Transcribe the records below in full; pictures stay out of the copy.

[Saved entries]
BEGIN
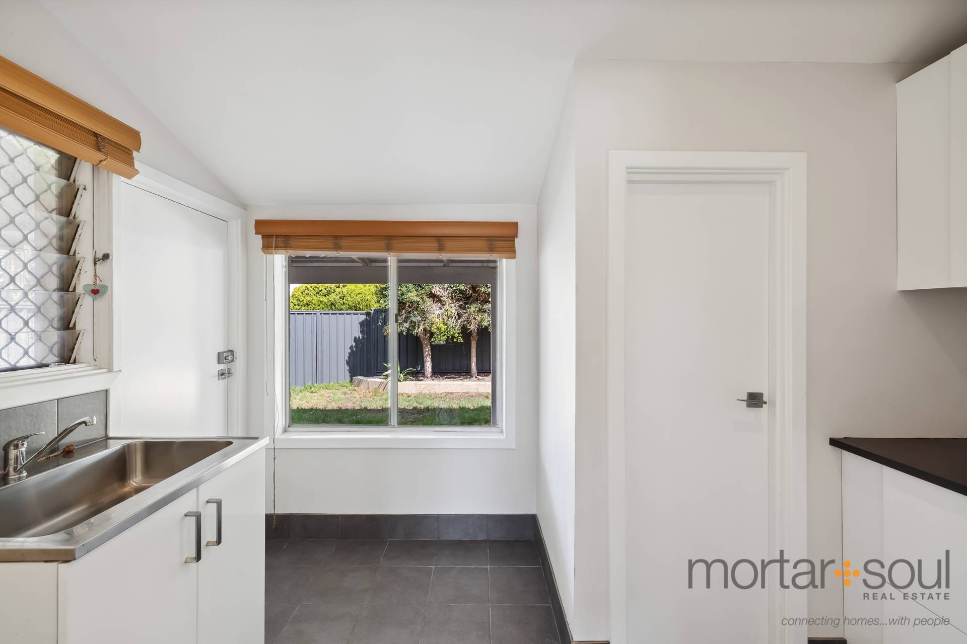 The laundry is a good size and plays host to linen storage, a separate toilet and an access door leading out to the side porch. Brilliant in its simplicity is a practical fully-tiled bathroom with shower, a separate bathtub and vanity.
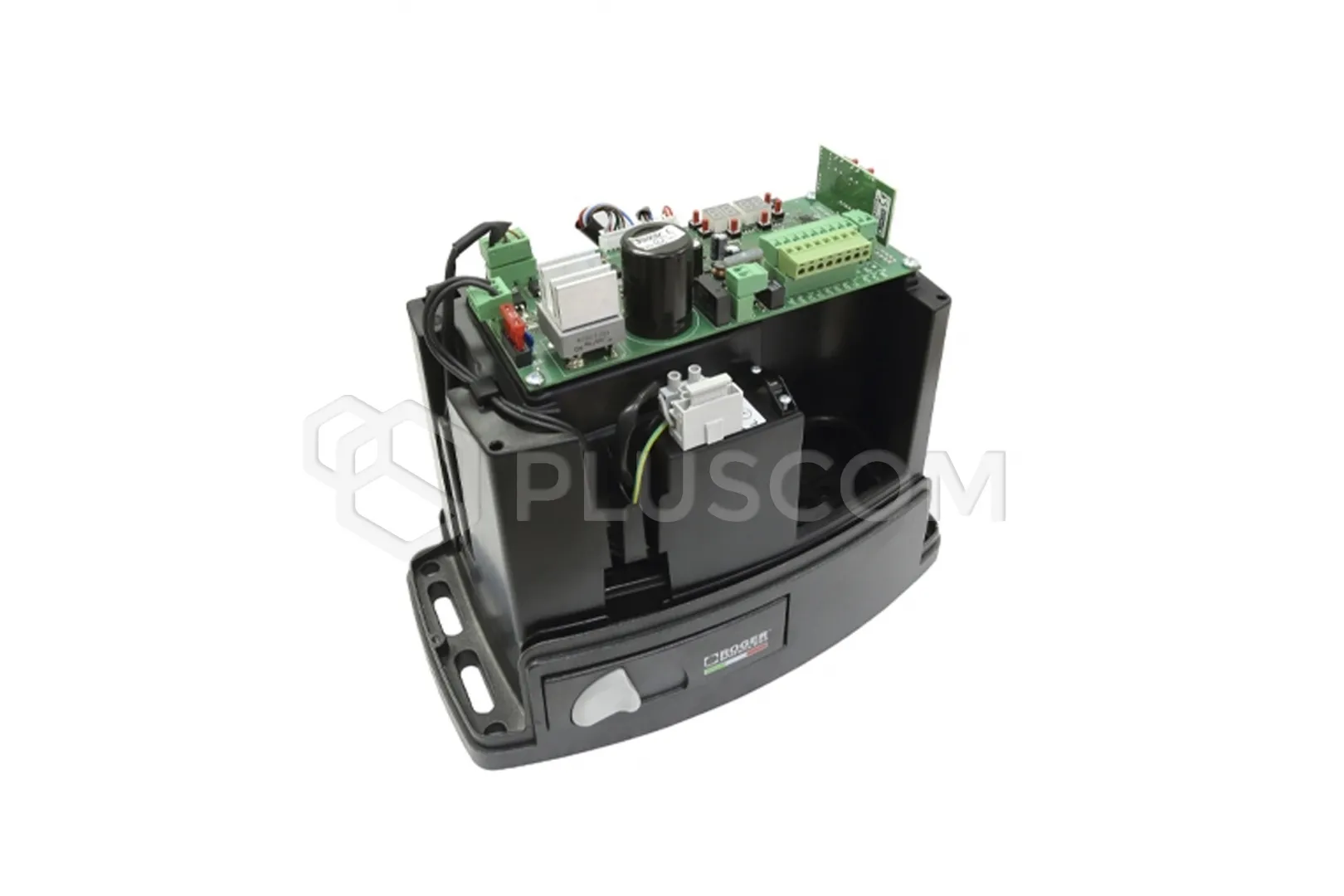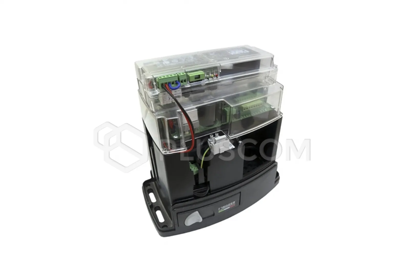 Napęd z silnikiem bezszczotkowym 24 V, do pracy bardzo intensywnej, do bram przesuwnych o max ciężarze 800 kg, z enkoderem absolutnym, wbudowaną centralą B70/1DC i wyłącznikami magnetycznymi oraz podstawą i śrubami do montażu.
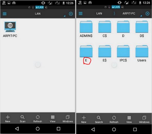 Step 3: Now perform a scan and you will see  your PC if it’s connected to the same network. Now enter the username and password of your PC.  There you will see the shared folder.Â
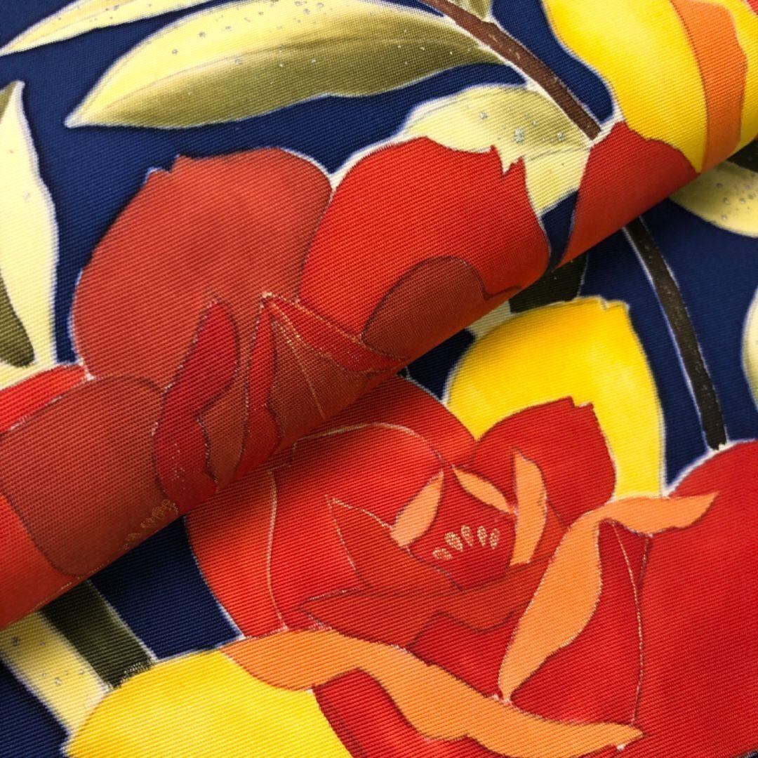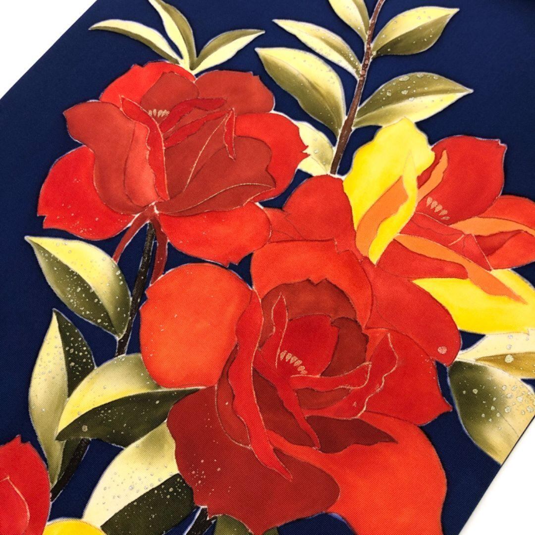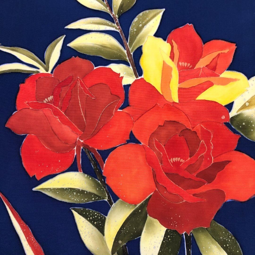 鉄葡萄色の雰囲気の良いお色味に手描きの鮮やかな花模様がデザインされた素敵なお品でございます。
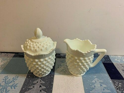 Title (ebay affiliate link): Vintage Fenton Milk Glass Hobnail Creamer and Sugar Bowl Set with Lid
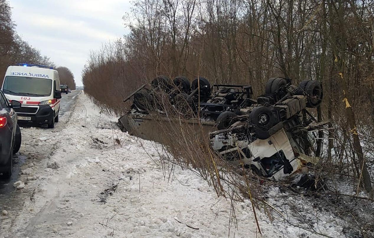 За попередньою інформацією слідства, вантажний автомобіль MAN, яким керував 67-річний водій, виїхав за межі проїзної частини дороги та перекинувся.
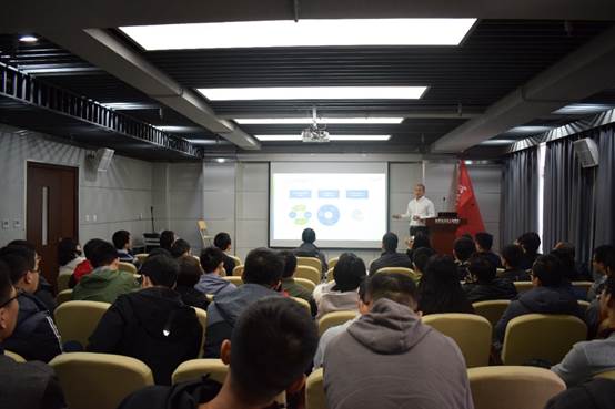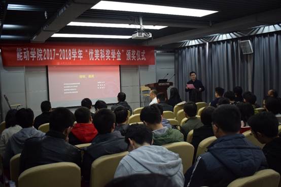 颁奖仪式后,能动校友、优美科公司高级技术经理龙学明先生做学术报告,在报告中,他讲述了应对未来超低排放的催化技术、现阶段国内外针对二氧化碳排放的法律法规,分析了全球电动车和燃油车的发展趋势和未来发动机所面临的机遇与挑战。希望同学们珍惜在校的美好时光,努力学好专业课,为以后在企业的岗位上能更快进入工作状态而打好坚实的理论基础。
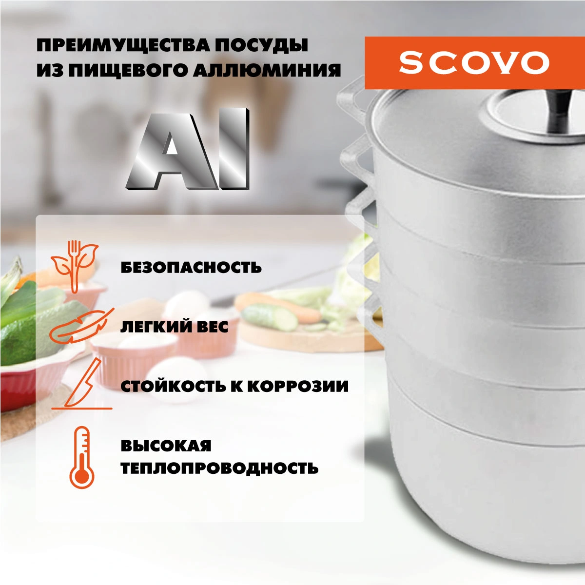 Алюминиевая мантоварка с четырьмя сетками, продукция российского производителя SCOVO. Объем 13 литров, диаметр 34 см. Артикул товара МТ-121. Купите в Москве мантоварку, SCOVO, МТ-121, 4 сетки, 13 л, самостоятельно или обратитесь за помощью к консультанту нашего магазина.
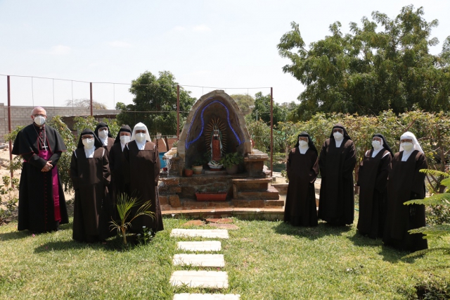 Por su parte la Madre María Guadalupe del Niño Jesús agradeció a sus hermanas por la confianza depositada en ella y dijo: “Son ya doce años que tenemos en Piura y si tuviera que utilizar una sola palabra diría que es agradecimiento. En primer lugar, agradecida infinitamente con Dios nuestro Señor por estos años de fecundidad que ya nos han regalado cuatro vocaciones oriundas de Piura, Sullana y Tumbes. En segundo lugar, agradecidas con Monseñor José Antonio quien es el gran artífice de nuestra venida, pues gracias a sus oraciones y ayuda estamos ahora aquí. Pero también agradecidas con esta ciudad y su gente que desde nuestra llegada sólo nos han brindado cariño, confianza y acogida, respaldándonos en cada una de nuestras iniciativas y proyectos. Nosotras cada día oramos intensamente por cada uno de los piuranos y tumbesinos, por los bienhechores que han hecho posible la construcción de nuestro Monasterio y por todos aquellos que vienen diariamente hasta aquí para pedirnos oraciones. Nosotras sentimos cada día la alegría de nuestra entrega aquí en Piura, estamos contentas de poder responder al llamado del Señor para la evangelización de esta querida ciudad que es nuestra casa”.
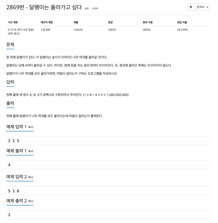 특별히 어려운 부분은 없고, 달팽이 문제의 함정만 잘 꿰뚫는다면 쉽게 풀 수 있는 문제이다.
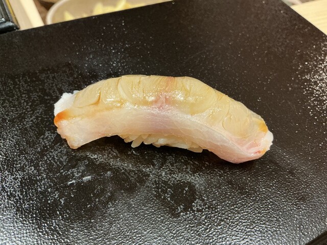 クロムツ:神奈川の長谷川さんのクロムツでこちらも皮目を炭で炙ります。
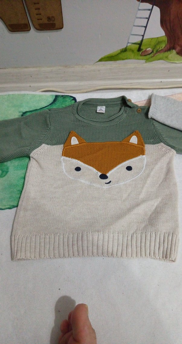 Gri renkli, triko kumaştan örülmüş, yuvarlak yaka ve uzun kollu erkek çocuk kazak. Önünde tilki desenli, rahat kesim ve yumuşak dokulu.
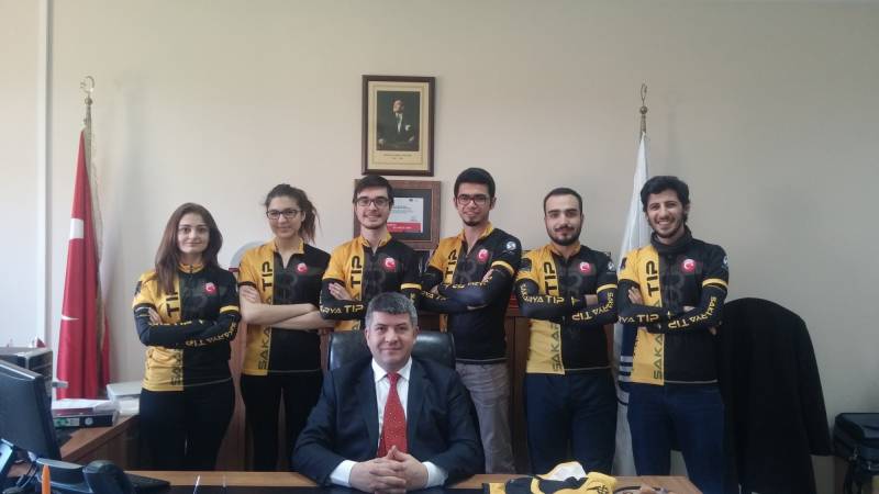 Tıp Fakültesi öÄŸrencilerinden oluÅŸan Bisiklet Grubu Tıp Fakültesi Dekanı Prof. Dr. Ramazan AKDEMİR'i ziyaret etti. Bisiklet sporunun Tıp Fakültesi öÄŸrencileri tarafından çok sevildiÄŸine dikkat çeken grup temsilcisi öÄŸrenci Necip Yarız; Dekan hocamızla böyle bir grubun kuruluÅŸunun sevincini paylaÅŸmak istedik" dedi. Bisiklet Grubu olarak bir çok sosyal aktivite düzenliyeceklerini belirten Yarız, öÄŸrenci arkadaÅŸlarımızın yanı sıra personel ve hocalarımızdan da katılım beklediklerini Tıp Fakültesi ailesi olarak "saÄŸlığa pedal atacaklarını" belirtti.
END
OUTPUT FOR THIS TASK -
 The laundry is a good size and plays host to linen storage, a separate toilet and an access door leading out to the side porch. Brilliant in its simplicity is a practical fully-tiled bathroom with shower, a separate bathtub and vanity.
 Napęd z silnikiem bezszczotkowym 24 V, do pracy bardzo intensywnej, do bram przesuwnych o max ciężarze 800 kg, z enkoderem absolutnym, wbudowaną centralą B70/1DC i wyłącznikami magnetycznymi oraz podstawą i śrubami do montażu.
 Step 3: Now perform a scan and you will see  your PC if it’s connected to the same network. Now enter the username and password of your PC.  There you will see the shared folder.Â
 鉄葡萄色の雰囲気の良いお色味に手描きの鮮やかな花模様がデザインされた素敵なお品でございます。
 Title (ebay affiliate link): Vintage Fenton Milk Glass Hobnail Creamer and Sugar Bowl Set with Lid
 За попередньою інформацією слідства, вантажний автомобіль MAN, яким керував 67-річний водій, виїхав за межі проїзної частини дороги та перекинувся.
 颁奖仪式后,能动校友、优美科公司高级技术经理龙学明先生做学术报告,在报告中,他讲述了应对未来超低排放的催化技术、现阶段国内外针对二氧化碳排放的法律法规,分析了全球电动车和燃油车的发展趋势和未来发动机所面临的机遇与挑战。希望同学们珍惜在校的美好时光,努力学好专业课,为以后在企业的岗位上能更快进入工作状态而打好坚实的理论基础。
 Алюминиевая мантоварка с четырьмя сетками, продукция российского производителя SCOVO. Объем 13 литров, диаметр 34 см. Артикул товара МТ-121. Купите в Москве мантоварку, SCOVO, МТ-121, 4 сетки, 13 л, самостоятельно или обратитесь за помощью к консультанту нашего магазина.
 Por su parte la Madre María Guadalupe del Niño Jesús agradeció a sus hermanas por la confianza depositada en ella y dijo: “Son ya doce años que tenemos en Piura y si tuviera que utilizar una sola palabra diría que es agradecimiento. En primer lugar, agradecida infinitamente con Dios nuestro Señor por estos años de fecundidad que ya nos han regalado cuatro vocaciones oriundas de Piura, Sullana y Tumbes. En segundo lugar, agradecidas con Monseñor José Antonio quien es el gran artífice de nuestra venida, pues gracias a sus oraciones y ayuda estamos ahora aquí. Pero también agradecidas con esta ciudad y su gente que desde nuestra llegada sólo nos han brindado cariño, confianza y acogida, respaldándonos en cada una de nuestras iniciativas y proyectos. Nosotras cada día oramos intensamente por cada uno de los piuranos y tumbesinos, por los bienhechores que han hecho posible la construcción de nuestro Monasterio y por todos aquellos que vienen diariamente hasta aquí para pedirnos oraciones. Nosotras sentimos cada día la alegría de nuestra entrega aquí en Piura, estamos contentas de poder responder al llamado del Señor para la evangelización de esta querida ciudad que es nuestra casa”.
 특별히 어려운 부분은 없고, 달팽이 문제의 함정만 잘 꿰뚫는다면 쉽게 풀 수 있는 문제이다.
 クロムツ:神奈川の長谷川さんのクロムツでこちらも皮目を炭で炙ります。
 Gri renkli, triko kumaştan örülmüş, yuvarlak yaka ve uzun kollu erkek çocuk kazak. Önünde tilki desenli, rahat kesim ve yumuşak dokulu.
 Tıp Fakültesi öÄŸrencilerinden oluÅŸan Bisiklet Grubu Tıp Fakültesi Dekanı Prof. Dr. Ramazan AKDEMİR'i ziyaret etti. Bisiklet sporunun Tıp Fakültesi öÄŸrencileri tarafından çok sevildiÄŸine dikkat çeken grup temsilcisi öÄŸrenci Necip Yarız; Dekan hocamızla böyle bir grubun kuruluÅŸunun sevincini paylaÅŸmak istedik" dedi. Bisiklet Grubu olarak bir çok sosyal aktivite düzenliyeceklerini belirten Yarız, öÄŸrenci arkadaÅŸlarımızın yanı sıra personel ve hocalarımızdan da katılım beklediklerini Tıp Fakültesi ailesi olarak "saÄŸlığa pedal atacaklarını" belirtti.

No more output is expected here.